A powerful and general hierarchical principle of error correction and Invariance

In working with Sparsey, I've discovered an extremely important principle of information representation/processing with substantial consequences on error correction and invariance. The principle explicitly involves hierarchy. In words, the basic idea is that when there are multiple sources of evidence [i.e., activation patterns in coding fields (CFs), which we call "macs"], each representing a probability distribution over an event space, which influence a downstream probability distribution over another event space [represented by an activation pattern in the downstream (i.e., target) CF], the correctness of the estimate in the downstream distribution is generally higher than the average correctness of the upstream (source) distributions.
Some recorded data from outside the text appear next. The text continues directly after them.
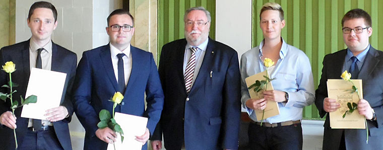 Schlitz. Svenja Faupel und Patrick Weißhaupt habe ihre Prüfung zur Verwaltungsfachangestellten bzw. zum Verwaltungsfachangestellten nach dreijähriger Ausbildungszeit bei der Stadt Schlitz mit Erfolg bestanden. Auch Johann Gekkel, Fachbereich Zentrale Dienste und Arne Bierwirth, Fachbereich Bürgerdienste haben den – ebenfalls dreijährigen – Fortbildungslehrgang zum „Verwaltungsfachwirt“ erfolgreich absolviert. Die Ausbildungen und Prüfungen erfolgten beim Hessischen Verwaltungsschulverband, Verwaltungsseminar Kassel, Seminarabteilung Fulda. Die Zeugnisübergabefeier fand in einem feierlichen Rahmen im Stadtschloss in Fulda statt. Bürgermeister Hans-Jürgen Schäfer und Ausbilderin Anja Rippl überbrachten ihre Glückwünsche. +++ fuldainfo | pm
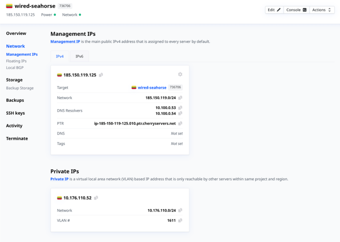 Clients can opt to add additional IP addresses to servers upon deployment, or from the client portal. Below are the IP addressing options offered by Cherry Servers.
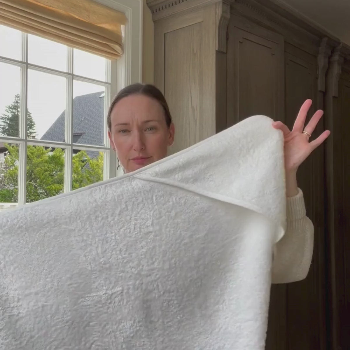 Our hooded baby towels are thoughtfully made in Turkey from ultra-soft, absorbent long staple Turkish cotton blended with bamboo for extra softness. They’re quick-drying, lightweight yet durable, and finished with a cozy hood and hand-tied evil-eye bead — a signature Pine & Palm touch. Each towel is ethically made in small batches to ensure the highest quality.

Another way of saying this, which is specific to Sparsey's use of SDCs as the representations of the probability distributions, is: correctly active units (black, in the figures below), across the multiple source macs that provide input to a final common target mac are necessarily 100% correlated with each other, whereas incorrectly active units (red) are in general <100% and often <<100% correlated, or uncorrelated or anticorrelated with each other. Fig. 1 shows an example of the principle.

Why is this? Why are correctly active unts across multple course macs necessarily 100% correlated? It's because Sparsey's overall learning rubric is single-trial. That is, Sparsey assigns codes (SDCs) to inputs with single trials. These codes are permanent: they do not change over time. Thus, when the learning instance ("trained association") depicted in the figure occurs, the weights from all active (black) units in all three input macs to all active units in the target mac are set to 1. That is the formation (storage) of the association. That association is ground-truth: the three codes in the input macs and the code in the target mac are, by definition, correct, since this is essentially a storage event, i.e., of an "episodic" memory. All 15 black units in the three independent input macs become 100% correlated, i.e., entangled, in that storage event. The mechanism of their entanglement is the correlated physical setting of their efferent weights onto the units comprising the common target code.
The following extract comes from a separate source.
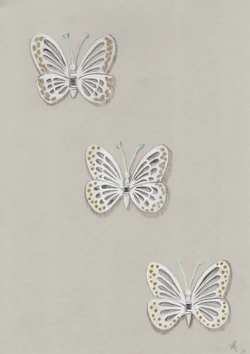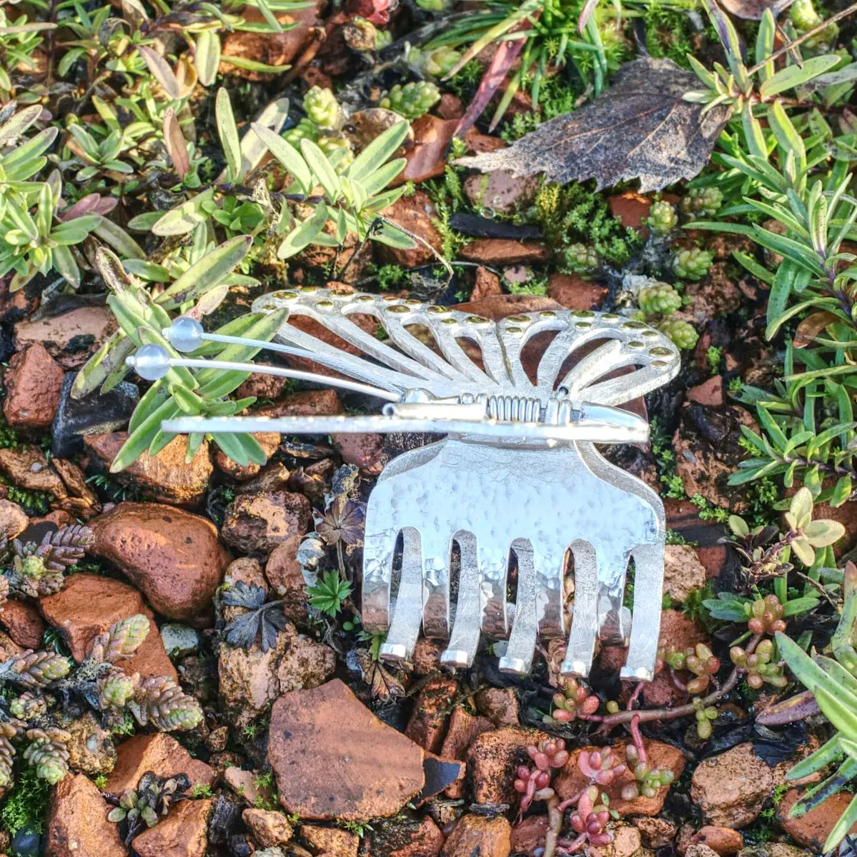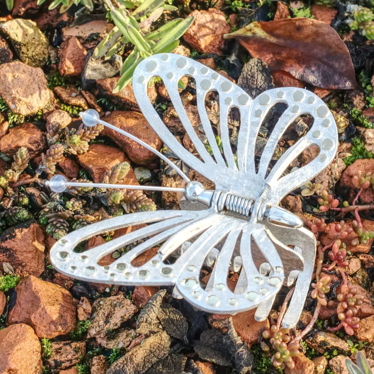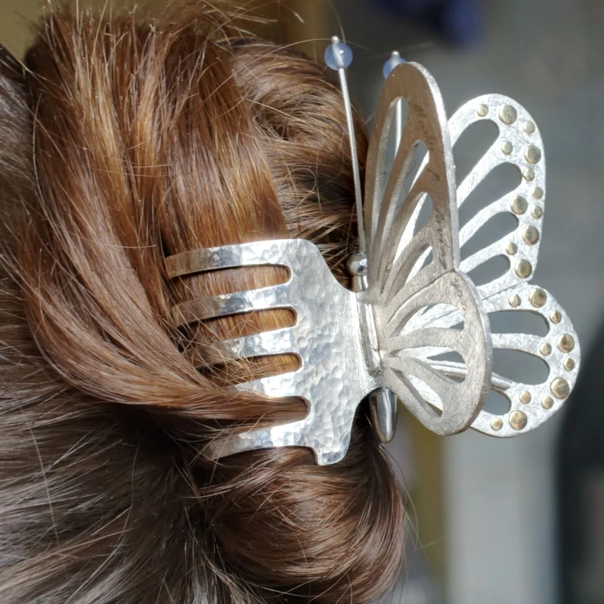 Haarklammer in Form eines silbernen Schmetterlings mit runden durchbrochenen Flügeln und

Having learned (stored) this one association, suppose we present a new input to the model. Note we are not depicting the actual raw sensory input field. Such field would be input to the level comprised of the three "input" macs shown here. Anyway, suppose this new input is similar to the input that gave rise to the initial three mac codes that occurred in the training instance, but not exactly the same. In this case, we can assume that the codes that arise in the three input macs in this case will be similar to, but not exactly the same as, the codes that arose in these macs in the training instance. Hence, we depict codes with varying degrees of overlap (intersection) with the original codes, e.g., 60%, 60%, and 40%. The crucial thing to see here is that during the learning instance, the eight black input units in the test instance (second row of first figure) will all have had their weigts onto the 5 active target units increased to 1. Thus, on the test instance, each of these 5 target units, i.e., the "correct" ones, will have input summations of 8.
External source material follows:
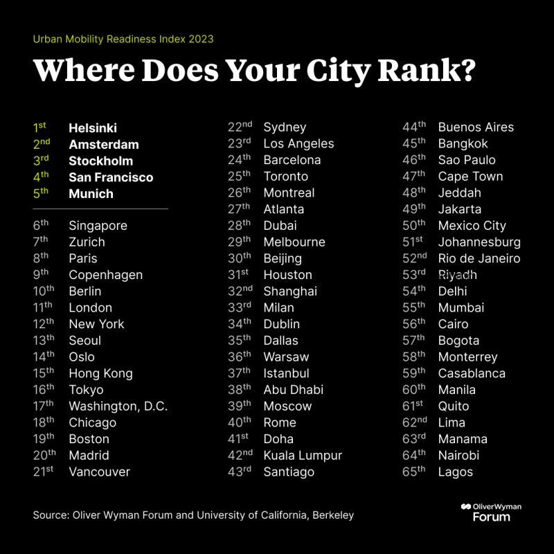 2024 Urban Mobility Readiness Index, a ranking of 70 major cities worldwide on their preparedness for mobility’s next chapter. For its sixth edition, the index introduces a new sub-index focusing on technology adoption alongside customized actionable recommendations for each city.

Now consider, one of the "incorrect" (red) input units. By definition, it was not active during the traning instance. So it will not have undergone the same efferent weight increases (i.e. onto the 5 active target units) in the training instance. Now, we assume that other associations will have been stored. In general, that red unit may have been (correctly) active in one or more of those other training instances. In those other instances, in general, some other set of 5 active target units will have been active. Though it can also be that in any of those intances, one or more of the 5 target units chosen for the first (depicted) training instance here, may also have been active. In any case, in those other training instances, said red unit will in general have increased its weights onto other of the target units besides the 5 active units in the depicted training instance. Thus, in the test istance depicted, such red units will in general be contributing to increasing the input summations of incorrect target units. But, crucially, the effects (influences upon the target unit summations) of any one red cell will not be 100% correlated, and will usually be much much less correlated or even anticorrelated, with the effects of any of the other red units, not only with red units in other input macs, but with other red units in its own mac. So that's it. That's the principle. It's explicitly a hierarchical principle.

The below figure explicitly compares a model (left) where the principle is operative becasue there are multiple input fields (macs) to a model (right) where the principle cannot be operative since there is only a single input mac.

I have plenty of examples from actual simulation that demonstrate this principle in action, and having very strong effects. I'll post them soon. And, when I do, I'll also elaborate on how this principle really constitutes an extremely powerful and general principle for invariance, in particular, for part-invariance, i.e., for recognizing entities invariant to which or how many of their parts are present in a given instance.